(WORK INSTRUCTION): When the line with "值得注意的是,伊薩克近15次" turns up below, begin repeating exactly, and carry on through the line with "공식 한국어에 체크가"; no pictures go into the copy.

(DATA EXCERPTS):

--*--

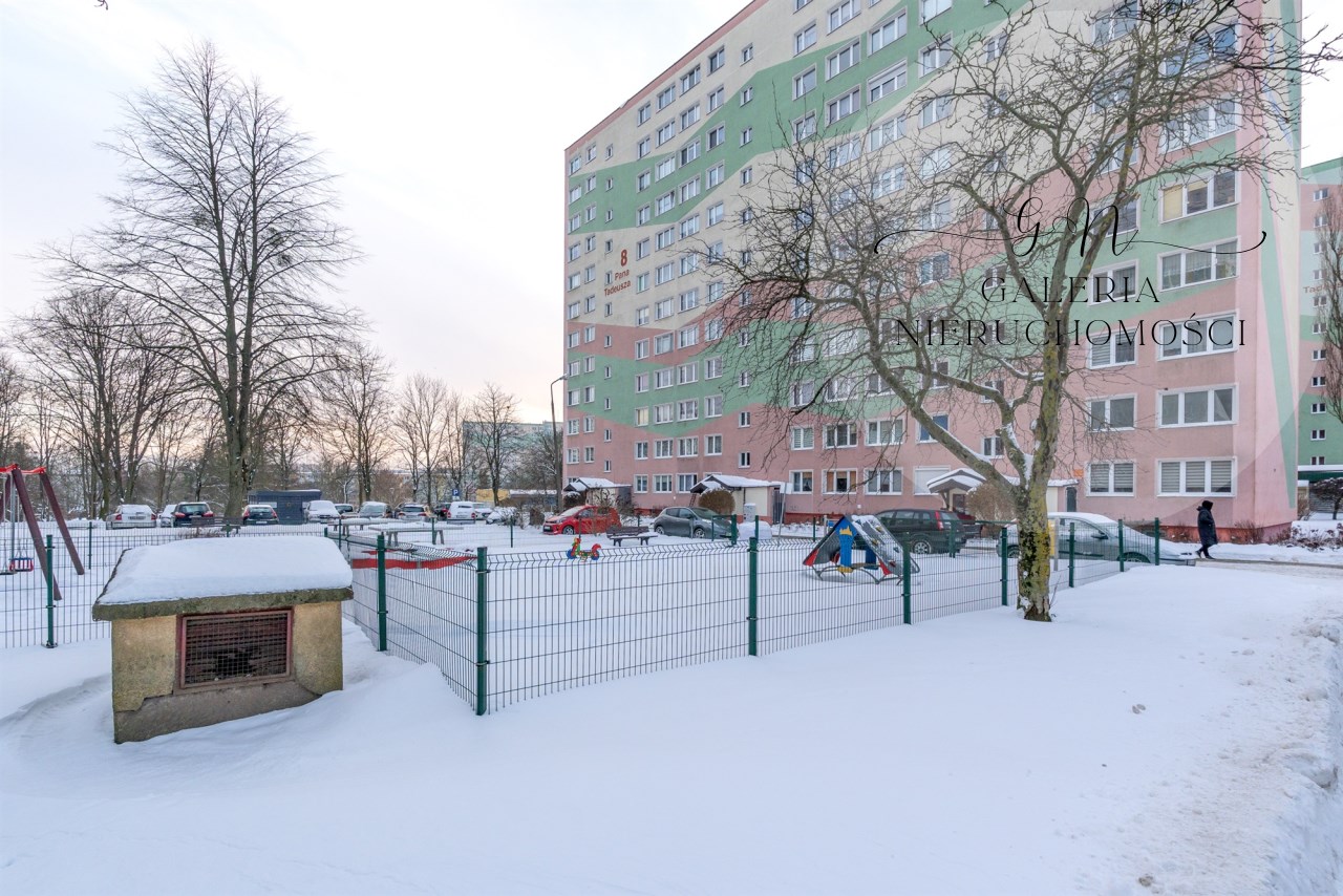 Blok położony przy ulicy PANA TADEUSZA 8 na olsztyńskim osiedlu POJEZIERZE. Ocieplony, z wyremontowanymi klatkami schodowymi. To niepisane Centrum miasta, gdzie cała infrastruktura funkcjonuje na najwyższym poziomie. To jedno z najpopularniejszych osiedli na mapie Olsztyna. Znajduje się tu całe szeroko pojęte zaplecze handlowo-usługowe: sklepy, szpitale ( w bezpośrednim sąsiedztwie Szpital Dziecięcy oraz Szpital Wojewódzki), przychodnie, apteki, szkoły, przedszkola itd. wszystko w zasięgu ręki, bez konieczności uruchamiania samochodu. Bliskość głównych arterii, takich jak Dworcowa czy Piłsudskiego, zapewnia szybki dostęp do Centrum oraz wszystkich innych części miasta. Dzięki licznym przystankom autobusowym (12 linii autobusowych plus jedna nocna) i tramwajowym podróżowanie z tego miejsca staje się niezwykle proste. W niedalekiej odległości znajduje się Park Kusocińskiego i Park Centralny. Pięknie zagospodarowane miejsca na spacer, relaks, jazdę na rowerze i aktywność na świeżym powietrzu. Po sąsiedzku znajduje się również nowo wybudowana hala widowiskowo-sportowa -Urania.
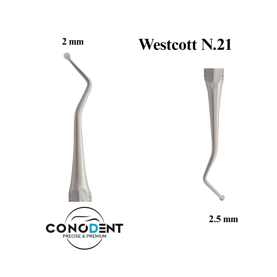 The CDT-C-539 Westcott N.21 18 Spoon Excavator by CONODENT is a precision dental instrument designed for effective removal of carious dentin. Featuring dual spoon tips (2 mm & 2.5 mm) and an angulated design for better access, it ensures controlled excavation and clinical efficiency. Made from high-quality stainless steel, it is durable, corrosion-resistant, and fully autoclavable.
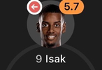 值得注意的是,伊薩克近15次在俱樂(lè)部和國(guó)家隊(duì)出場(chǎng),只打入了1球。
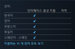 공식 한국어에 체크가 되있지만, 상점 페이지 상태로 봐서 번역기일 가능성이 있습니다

--*--

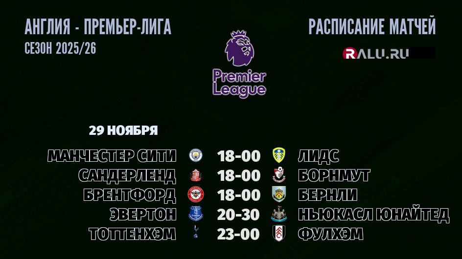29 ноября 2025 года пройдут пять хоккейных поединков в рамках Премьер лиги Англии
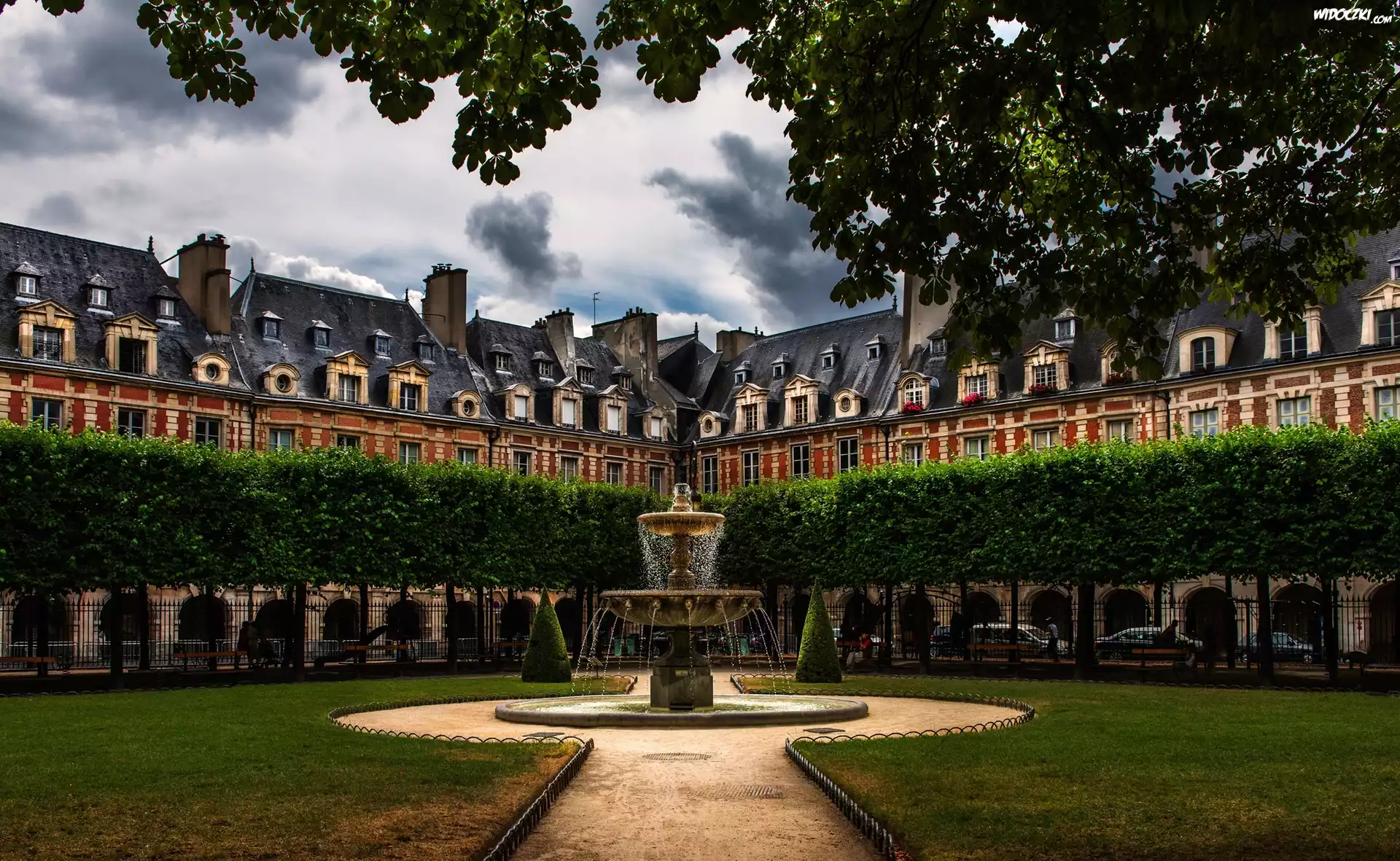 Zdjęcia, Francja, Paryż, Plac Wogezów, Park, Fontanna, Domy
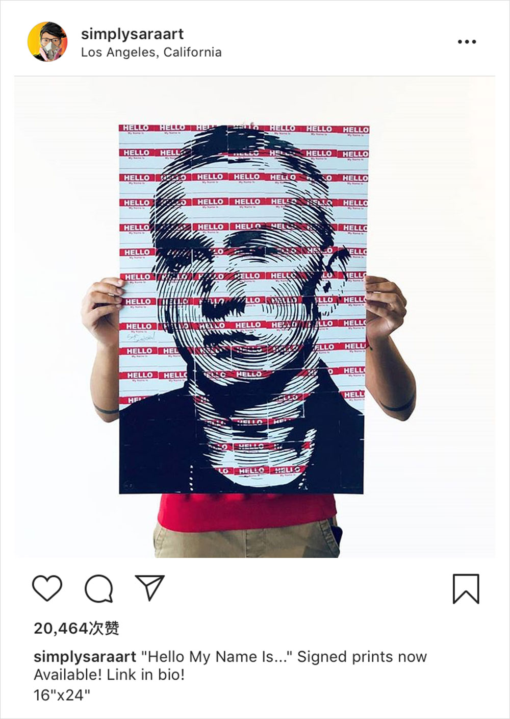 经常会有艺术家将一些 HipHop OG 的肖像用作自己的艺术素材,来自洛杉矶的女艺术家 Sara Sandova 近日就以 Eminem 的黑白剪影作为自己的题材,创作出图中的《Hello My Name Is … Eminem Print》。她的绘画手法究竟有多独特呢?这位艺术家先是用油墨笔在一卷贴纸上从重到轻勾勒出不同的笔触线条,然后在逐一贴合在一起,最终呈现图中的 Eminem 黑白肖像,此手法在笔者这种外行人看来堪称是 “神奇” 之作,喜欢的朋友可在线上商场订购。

--*--

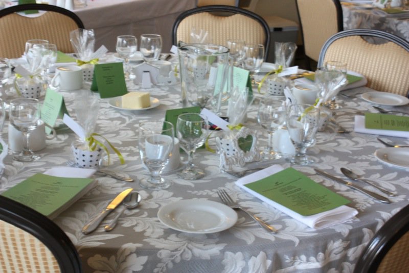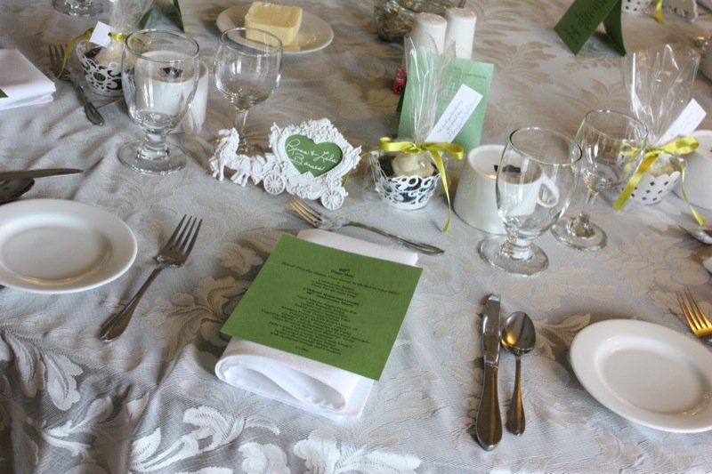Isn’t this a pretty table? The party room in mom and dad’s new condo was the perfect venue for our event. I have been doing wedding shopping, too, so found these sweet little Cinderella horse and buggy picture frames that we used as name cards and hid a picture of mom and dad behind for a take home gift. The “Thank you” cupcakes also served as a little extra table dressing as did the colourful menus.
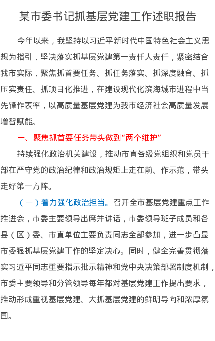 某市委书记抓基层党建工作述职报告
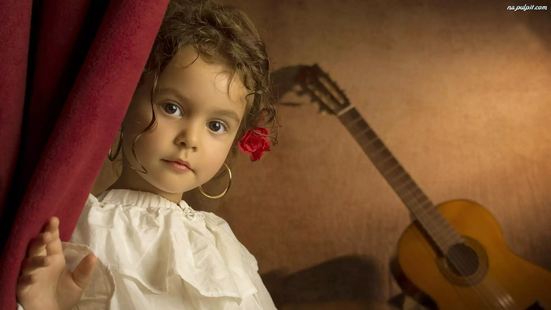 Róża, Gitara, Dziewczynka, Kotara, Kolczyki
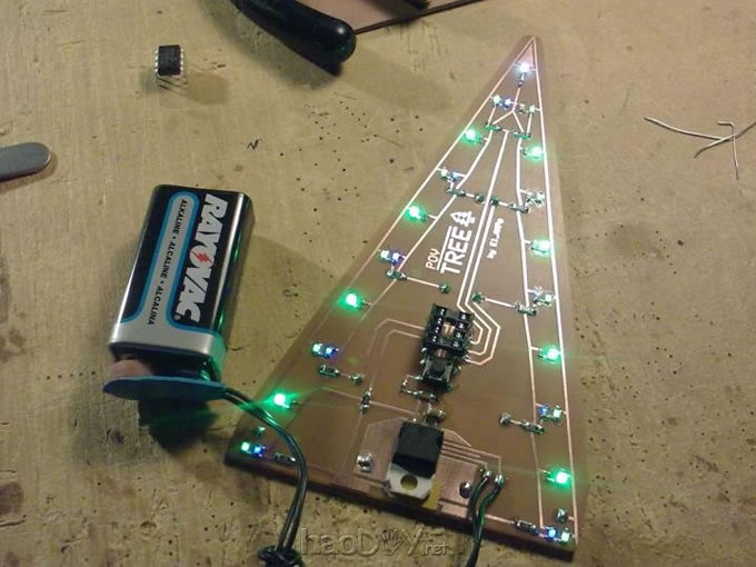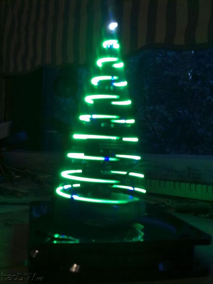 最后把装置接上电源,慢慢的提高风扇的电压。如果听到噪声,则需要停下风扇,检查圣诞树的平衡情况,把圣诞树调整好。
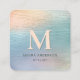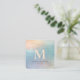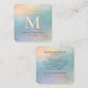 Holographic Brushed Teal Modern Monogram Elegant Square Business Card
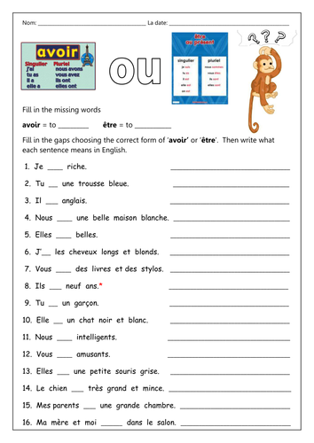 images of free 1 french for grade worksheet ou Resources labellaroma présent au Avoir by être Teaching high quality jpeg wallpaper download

--*--

(SOLUTION BELOW):
 值得注意的是,伊薩克近15次在俱樂(lè)部和國(guó)家隊(duì)出場(chǎng),只打入了1球。
 공식 한국어에 체크가 되있지만, 상점 페이지 상태로 봐서 번역기일 가능성이 있습니다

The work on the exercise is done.